Dia teringat pengalaman pertamanya tidur dengan seorang wanita, dan wanita itu adalah satu2nya wanita yang pernah dia tiduri. Usia wanita itu 10 tahun lebih tua darinya. Bekerja sebagai penjaga toko CD di kota itu. Awalnya mereka dekat sebagai teman menonton film. Tapi lama2 batasan itu hilang dan mereka mulai menjamahi tubuh 1 sama lain. Mereka berpacaran sekitar 6 bulan. Namun tiba2 wanita itu pindah ke Osaka tanpa alasan khusus. Dan mereka pun putus.
"Apa menurutmu sex adalah hal yang spesial? jika aku menjadikan sex pekerjaan apakah tak apa?" tanya gadis itu, ada kebimbangan di setiap kata2nya.
"Hey, kenapa tiba2 malah mengatakan akan menjadikan sex pekerjaan? emang setelah jadi bintang porno kamu mau melacur gitu? ga perlu gitu kan juga bisa. Kalau melacur itu sama aja dengan ngancurin diri sendiri. Sex ga spesial klo dilakuin tanpa perasaan. Ngerti ga?"
"Perasaan?" tanya gadis itu kikuk.
"Ya cinta lah. Orang biasanya saling jatuh cinta dulu, terus pacaran, lalu akhirnya menikah. Nah didalamnya terdapat hubungan sex yang bisa dibilang spesial. Kalau cuman keluar masuk lobang aja tanpa perasaan ya itu namanya pelampiasan." jelas laki2 itu yang mulai gemas dan kesal akan kebodohan gadis ini.
"Aku ga pernah ngerasain cinta." ujar gadis itu.
"Wajar sih, umur mu kan baru 17 tahun. Hidupmu masih panjang. Ngomong2 kalau kamu ga mau jadi bintang AV mereka, balikin aja uangnya. Nanti kutemenin ngomong ama mereka. Abisnya kukira kamu cewe yang berani. Ternyata..." perkataan laki2 itu terpotong.
"Tapi uangnya sudah kupakai."
"Hahhh, kalau gitu cari lah gantinya. Makanya kalau punya masalah itu jangan lari, tapi dihadapi. Bilang pada mereka kamu akan menggantinya meski butuh waktu."
"Bisakah?"
"Bisa! Mereka kan production house legal. Kalau belum ada kontrak berarti belum ada perjanjian. Begitu, bodoh!" laki2 itu bangun dan menempeleng kepala gadis itu.
"Akan kucoba bicara dengan mereka." ujar gadis itu, wajahnya jadi memerah karena sadar akan kebodohannya.
"Ya sudah, sekarang mau pulang ke tempatku dulu ga? Kalau ke rumahmu udah kejauhan dan ini udah tengah malam. Sepedaku juga sedang rusak." ujar laki-laki itu sembari berdiri, tangannya gatal karena digigiti nyamuk.
"Kamu tau rumahku?" tanya gadis itu sembari menyusul.
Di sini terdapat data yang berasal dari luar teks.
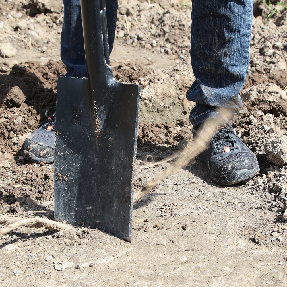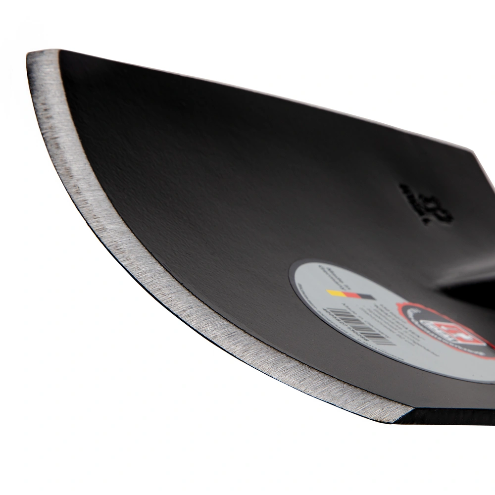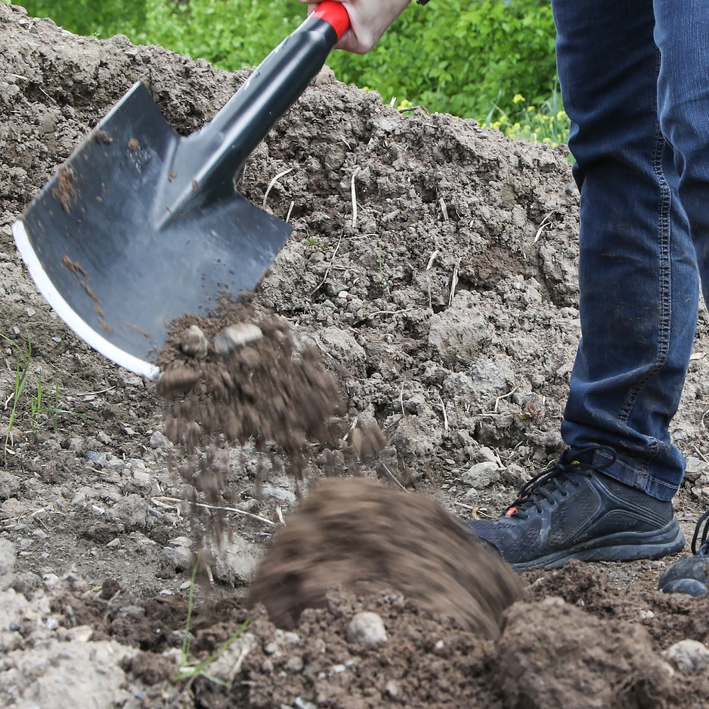 Stevige metalen spade voor vloeren met veel stenen of wortels. Door het hoge eigen gewicht is er een krachtige penetratie in de grond, waar lichtere schoppen terugveren. De metalen handgreep is ongevoelig voor een grote hefboomwerking. De spade is door zijn scherp geslepen snijvlak zeer geschikt voor opruimwerkzaamheden.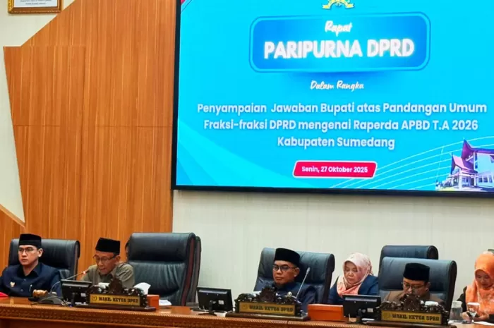 JatiNetwork.Com – Dewan Perwakilan Rakyat Daerah (DPRD) Kabupaten Sumedang menggelar rapat paripurna dengan agenda penyampaian jawaban Bupati Sumedang atas pandangan umum fraksi-fraksi DPRD terhadap Raperda tentang APBD Tahun Anggaran 2026, Senin (27/10/2025).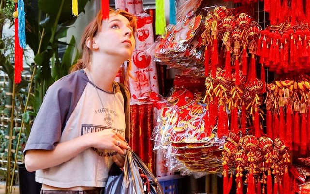 Du khách nước ngoài thích thú dạo phố, chụp ảnh và mua đồ trang trí Tết tại phố Hàng Mã.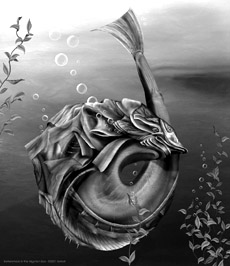 “好吧!”米勒说道,“刚才我们三个跟往常一样给这些鱼儿们喂食,用SCP(单细胞蛋白)喂它们。那家伙就从下面偷偷地‘流’过来了。你知道,我们是浮在半空中的。它咬了教授拿着SCP的手,然后就用尾巴抽他。哦!可怜的教授。”此时的米勒已经泣不成声了。

"Waktu kelas 1 kan kita sekelas. Aku pernah ke rumahmu mengantarkan catatan. Taunya kamu ga sakit tapi lagi bolos."
"Maaf."
"Ngapain juga minta maaf, udah lama ini kejadiannya."
"Tapi sampai sekarang aku masih merepotkanmu.
"Engga, ga repot." ujar laki2 itu yang sudah berjalan lebih dahulu di depan.
"Eh, kamu tau namaku ga?" lanjut laki2 itu lagi sembari berbalik.
"Hah?"
"Ah, pasti ga tau ya?" tanya laki2 itu sembari mendekatkan wajahnya ke wajah gadis itu.
"Tau kok... Kaga-san kan?"
"Nama kecilku?"
"Tidak tahu."
"Aku Kaga Shin."
"aku..."
"Aku tau, kamu Toma Sayo." ujar Kaga sembari memotong perkenalan Sayo yang tak perlu. Dia sudah mengingat nama gadis itu sejak pertama masuk sekolah.
"Maaf, aku jadi merepotkanmu."
"Udah dibilang, engga repot."
Mereka pun berjalan pelan menyusuri jalan setapak di pinggir sungai untuk menuju tempat dimana Shin tinggal. Sayo menatap punggung Shin lekat. Betapa dia sangat mensyukuri kehadiran laki2 itu saat ini. Meski singkat namun kenyataan bahwa ada seseorang yang masih peduli padanya di dunia yang dingin dan tak bisa ditebak ini sangat melegakan.
"Oh ya, ayahku misionaris. Jadi keluarga ku bisa dibilang penganut agama yang ta'at. Tolong jangan sampai menyinggung tentang hobiku di sekolah ya?" ujar Shin sambil tertawa. Sayo hanya mengangguk pelan tanda mengiyakan.